Work to be completed: Using the entries that follow, transcribe only the lines from the line with "- ✅ HIGH QUALITY" to the line with "Cazadora de cuero", both included, exactly as they stand and without pictures.

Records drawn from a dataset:

□ □ □ □

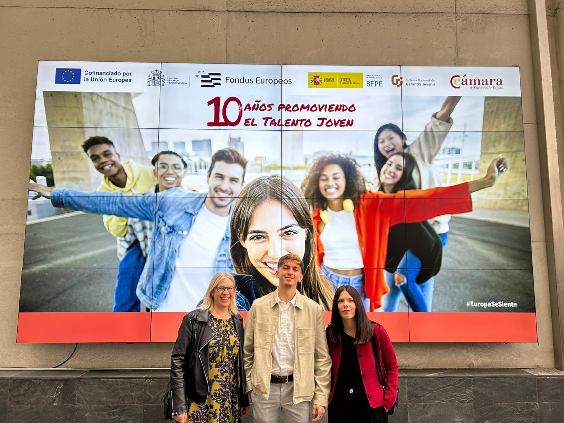La Cámara de Álava ha participado en el acto conmemorativo del 10º aniversario del Programa Talento Joven, celebrado en la sede de la Cámara de Comercio de España en Madrid y presidido por Su Majestad la Reina Letizia. El evento ha contado también con la presencia de Yolanda Díaz, vicepresidenta segunda del Gobierno y ministra de Trabajo y Economía Social.
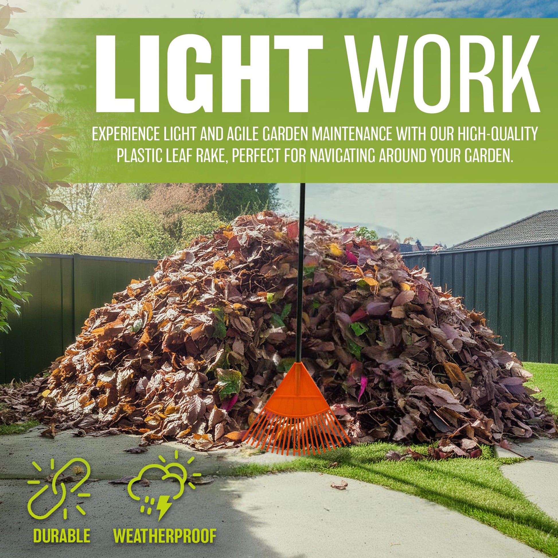 - ✅ HIGH QUALITY - This plastic leaf rake is very light and manoeuvrable around your garden and in between your car and curb where leaves tend to collect. The plastic heads are solid and close enough that leaves don’t get stuck.
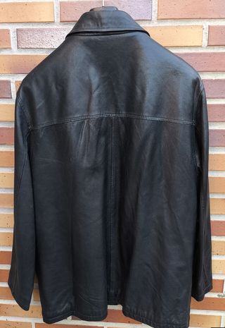 Cazadora de cuero de la marca Imperio Clandestino. - Diseño clásico. - Cierre de cremallera frontal. - Cuello redondo con botón. - Puños ajustables. -Entrega en Majadahonda gratis o tarifas wallapop.
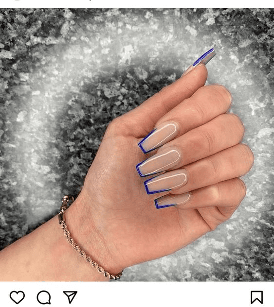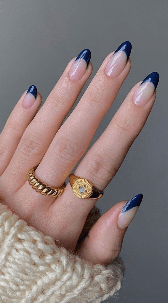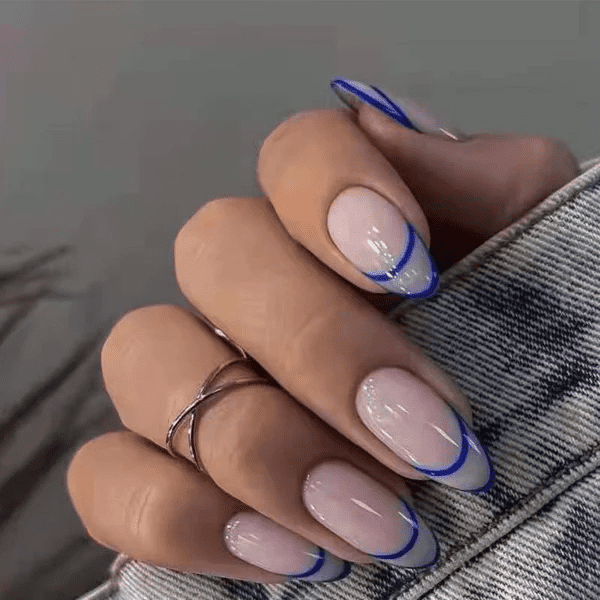 The thin navy blue French manicure is the epitome of understated elegance. It takes the classic French design and injects a dose of sophisticated cool with a crisp line of navy blue at the tips. This subtle pop of color adds a touch of personality without overwhelming the look. The thinness of the line keeps the manicure clean and versatile, making it perfect for any occasion. Whether you’re dressing for work, a night out, or a casual weekend brunch, the thin navy blue French manicure adds a touch of polish that complements any outfit. Plus, the thin line is flattering on all nail shapes and lengths, making it a universally appealing choice.
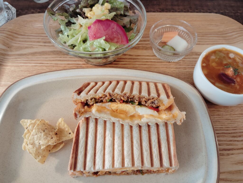 ランチでホットサンド(タコスチーズ)セット1000円をいただきました。ん~美味しい♪具たっぷり、卵も入ってます!サラダ、スープ、ドリンクも付いてバランスもgoodです☆店員さんも店内も温かみがあって居心地イイです(^-^) (訪問:2025/05/01)
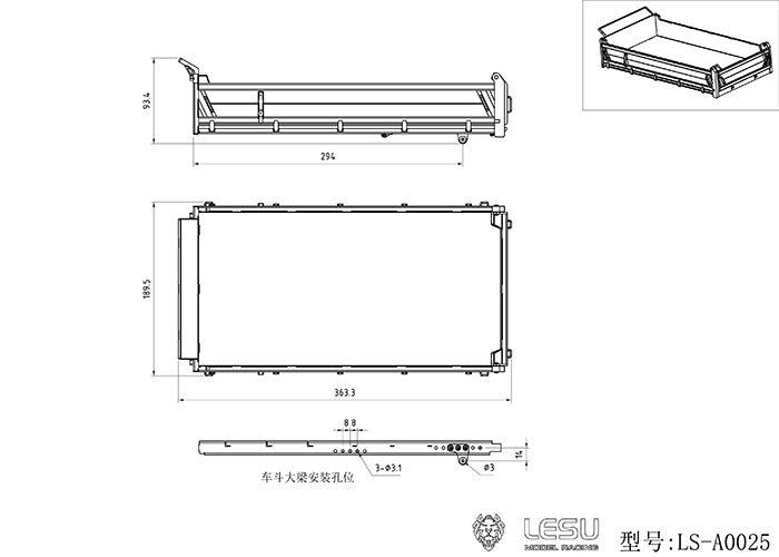LESU Metal Spare Part Car Hopper Bucket Box Suitable for 1/14 4*4 RC Dumper Radio Controlled 2Axle Truck DIY Vehicle Model
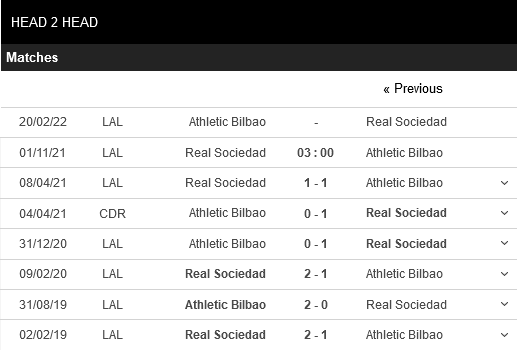 Thống kê đối đầu Real Sociedad vs Athletic Bilbao
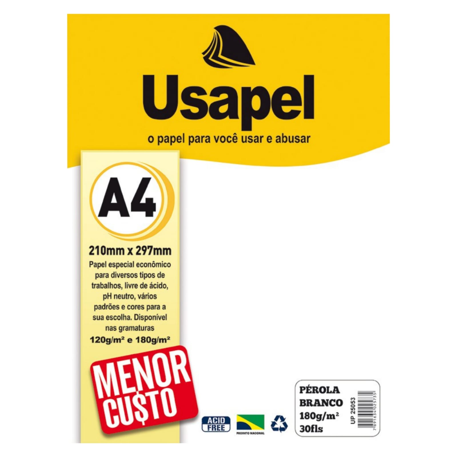 Papel Pérola Branco A4 180g/m² 30 fls Usapel
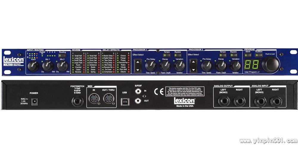 这款新的1U双通道设备将直观的前部面板设计和USB接口功能结合在一起,可以VST格式与软件录音平台结合使用。包括了大量混响算法、delays效果和 dbx的动态效果器,MX200适用于个人录音室和音乐厅录音。其提供了功能强大、操作方便的动态处理和效果器,保持了Lexicon的声音特色。 MX200提供了VST插件格式的操作平台,允许MX200作为硬件插件在VST工作站中使用,通过USB与电脑连接。USB的功能允许用户在电脑工作平台的图像界面中对效果器参数进行调节,并且具有完整的自动化和唤回功能。
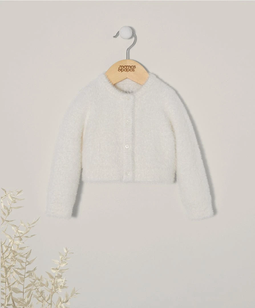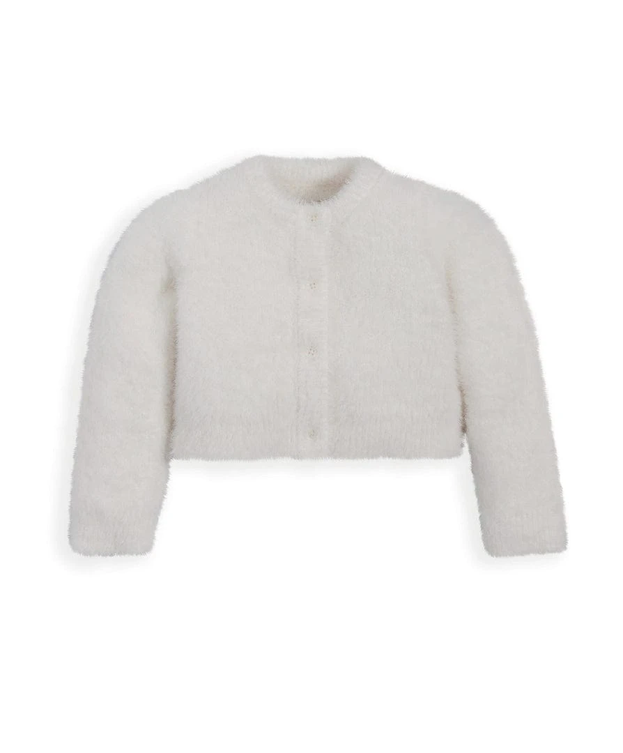 This ultra-fluffy button-down cardigan in stylish winter white is ideal for layering over a party dress, pairing with a glamorous tutu skirt or to dress up a pair of leggings. Cosy, snug and super-soft it is the perfect stylish addition to your little one’s winter wardrobe.
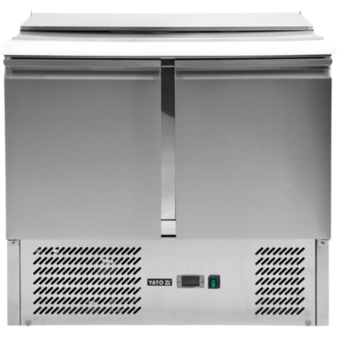 Saláta 2 ajtós hűtött asztal fedéllel, YATO YG-05262 márkájú. A saláta hűtött asztal méretei 900x700x876 mm, kamra kapacitása 240L. Az élelmiszerek +2~+80C hőmérséklet tartományban történő tárolására lett tervezve. Ideálisan alkalmas mindenféle vendég
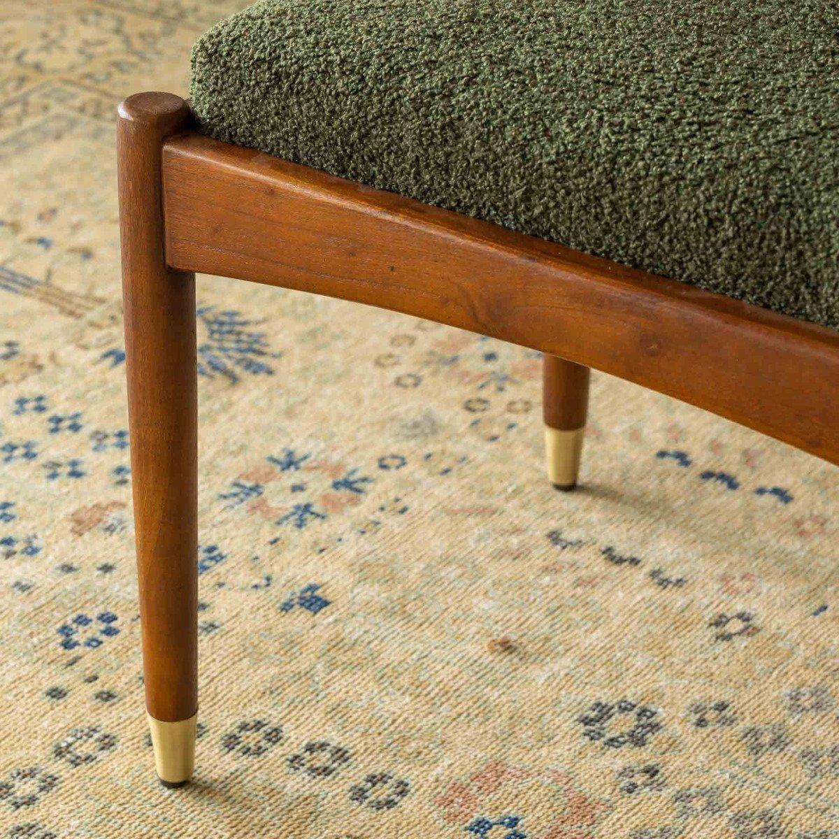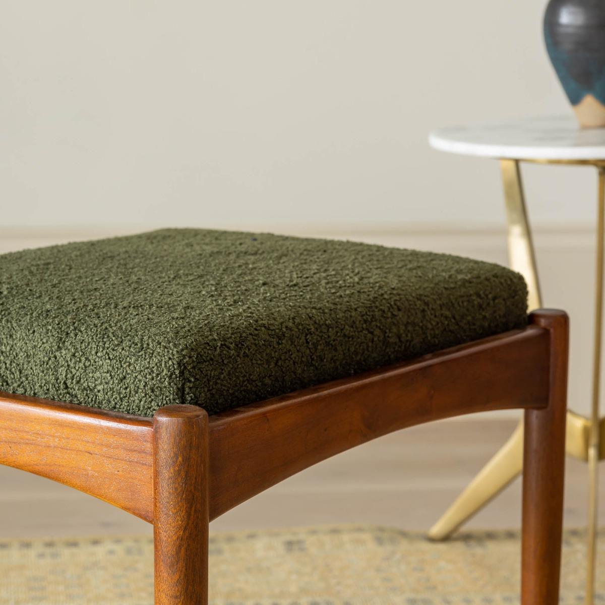 Our Levi Footstool in Olive Green Boucle is the perfect pairing for our Levi Armchair. This mid-century inspired design features an upholstered pad with a solid acacia wood frame and brass finished leg detail for a traditional Danish look and feel.

□ □ □ □

Result of the exercise:
 - ✅ HIGH QUALITY - This plastic leaf rake is very light and manoeuvrable around your garden and in between your car and curb where leaves tend to collect. The plastic heads are solid and close enough that leaves don’t get stuck.
 Cazadora de cuero de la marca Imperio Clandestino. - Diseño clásico. - Cierre de cremallera frontal. - Cuello redondo con botón. - Puños ajustables. -Entrega en Majadahonda gratis o tarifas wallapop.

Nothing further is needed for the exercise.